TTW + HuggingFace/BigScience

Proposed Work

  1. Guide for Ethical Research/Ethics-Informed Licensing
  • Eirini & Jen
  1. Guide for Reproducible Research/Licensing/Machine Learning Licenses
  • Jen & Carlos
  1. Guide for Reproducible Research/Open Research/Open AI
  • Jen & Carlos

Meeting Notes

7 Sept Collab Cafe

  • Outcome: create issue to document 1 of the chapters
  • Pomodoro 1
    • Abhishek Gupta (Montreal Ethics AI): social perspective licensing (e.g. Open & Responsible AI Licensing)
      • Open licenses a way to communicate to the public on their intentions about the work
      • Not necessarily for the purpose of litigation, but to set community norms and embedding community values
      • Open RAIL had an organic birth because of BigScience
        • First thought was Apache 2.0, but realised we can't fully open this in the classic OSI term
        • Striking a balance between open & responsible innovation
        • Enabling open access, use, reuse, while also placing responsible use restrictions in specific critical scenarios (shaped by technical limitations of the model & ethical charter)
    • A new thing bc of the org (in contrast to fully freedom zero vs. commercial licenses) and also the thing (AI which is more than code)
    • Anne feedback on audiences:
      - Wikipedia-like resource to look up a DS/tech term
      - Domain-specific practitioners (e.g. health)
      - Wider research infrastructure world
      • Case study could also be a good format
      • Emerging licensing schemas (building the railroad as you ride it)
        • BLOOM License > Open RAIL
      • Maybe something more general about licensing?
      • What's the point of licensing if you can't enforce it? What is the purpose of a license?

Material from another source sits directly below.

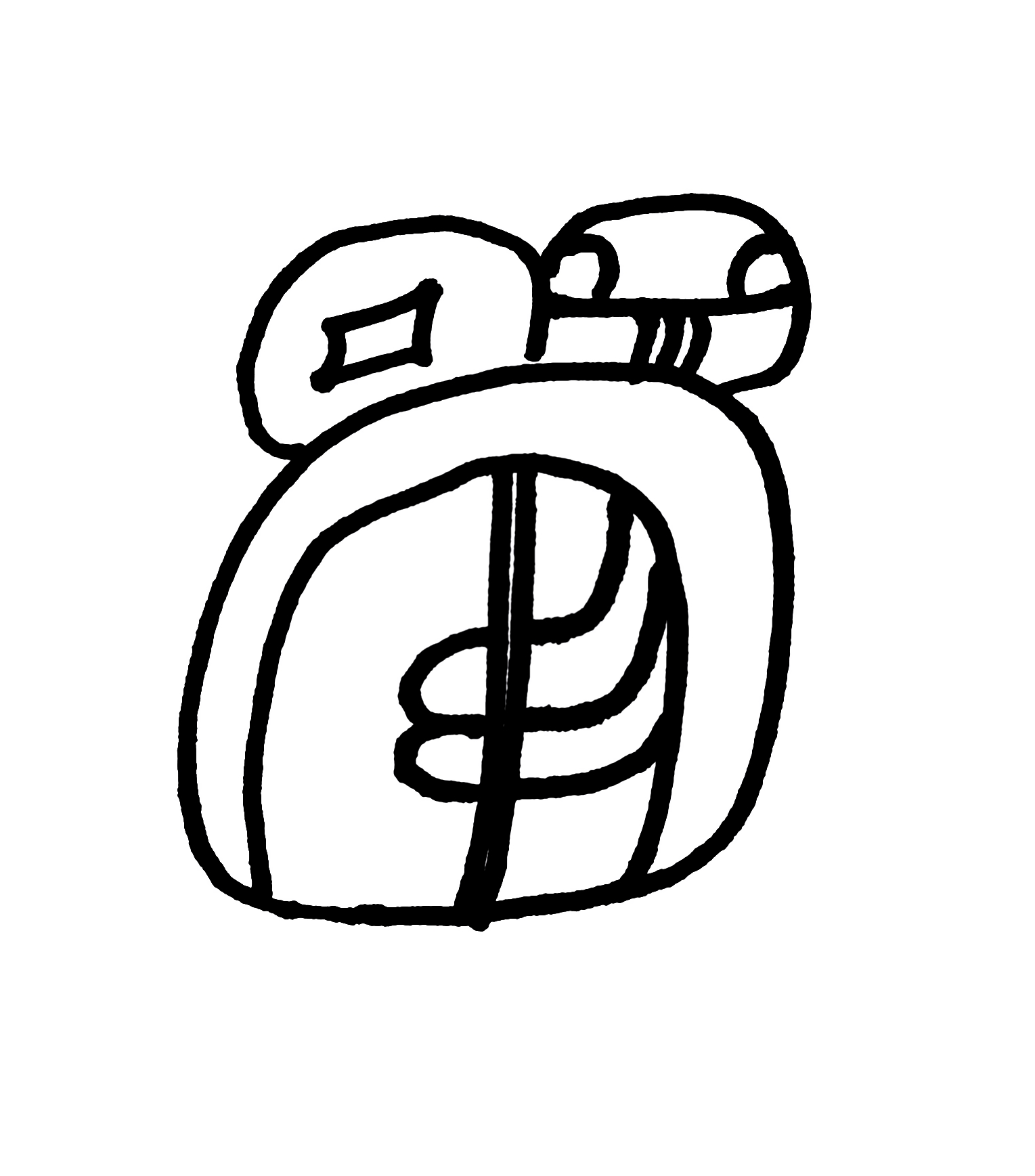 Maya logogram - 'AJAW ("lord, king")

FAQ/Key questions
      • Future blog posts from BigScience on enforcement
    • Context/introduction, licensing, challenges ahead
      • Link to FAQ for more context
  • Pomodoro 2
    • Introduction can provide the context of why ML licenses exist in addition to just software/data
    • Stick with the existing structure + add case study
    • Derived model section
      • Open derivatives of AI are a big phenomenon
        • After release you have a TON of versions
        • This is where the licenses plays an important role -> why BigScience used copyleft approach (at minimum same restrictions as the first one)
    • ML model table w/ licenses
      • Add paragraph explaining the role of this table
        • A way to communicate culture / community values
      • There are a lot of models but not a lot of LLMs
        • NLP: GPT-2 (MIT), GPT-3, Chinese model (Apache), BLOOM, OPT-175B, BERT (Apache 2.0),
        • CV: OPENCV, YOLO, DALLE, SEER
    • Case study: Creating Open RAIL
  • Jen to updated HackMD; Carlos edits next Wed and we chat next Fri

MozFest Presentation

26 Aug Meeting

  • Capture guidance on Responsible/Ethical licenses for AI
  • Ethics-informed licenses (ethics is an outcome due to the context/resourced)
    • Intro to what it means for a license to be ethical
  • Open AI chapter: Policy battle on who defines/owns the term "openness"
    • BigScience approach to open: Royalty free use/reuse; flexible downstream redistribution
      • Next version will have to embed the previous/genesis version's license
    • Meta: open access to the artefact; gated API access to control who is using
  • What other dimensions of AI should be open?
    • Multidimensional approach (more than just access)
    • Process, data, governance, policy
    • Network effects, ethics, better together, policy

Research Notes

  • https://techcrunch.com/2022/09/06/the-eus-ai-act-could-have-a-chilling-effect-on-open-source-efforts-experts-warn/
    • Brookings: AI Act would burden open source developers to adhere to guidelines for risk management, data governance, technical documentation and transparency, as well as standards of accuracy and cybersecurity.
    • “This could further concentrate power over the future of AI in large technology companies and prevent research that is critical to the public’s understanding of AI,” Alex Engler
    • The legislation contains carve-outs for some categories of open source AI, like those exclusively used for research
    • Stable Diffusion (Open-RAIL M) being used to create porn deepfakes
    • HuggingFace: AI Act as proposed is too vague - is it for "pre-trained" models or the software?
      • Responsible licensing is starting to become a common practice for major AI releases
      • Open innovation and responsible innovation in the AI realm are not mutually exclusive ends, but rather complementary ones
      • The intersection between both should be a core target for ongoing regulatory efforts, as it is being right now for the AI community

https://gist.github.com/nicolasdao/a7adda51f2f185e8d2700e1573d8a633

  • An inspiration on easy, readable explanation of licenses and how to to choose the right one for you

https://huggingface.co/blog/open_rail

  • Open RAIL enable open access, use, and distribution of AI artifacts while also requiring response use
  • "Open sourcing a model without taking due account of its impact, use, and documentation could be a source of concern in light of new AI regulatory trends. Henceforth, OpenRAILs should be conceived as instruments articulating with ongoing AI regulatory trends and part of a broader system of AI governance tools, and not as the only solution enabling open and responsible use of AI."
  • "Open licensing is one of the cornerstones of AI innovation. Licenses as social and legal institutions should be well taken care of. They should not be conceived as burdensome legal technical mechanisms, but rather as a communication instrument among AI communities bringing stakeholders together by sharing common messages on how the licensed artifact can be used."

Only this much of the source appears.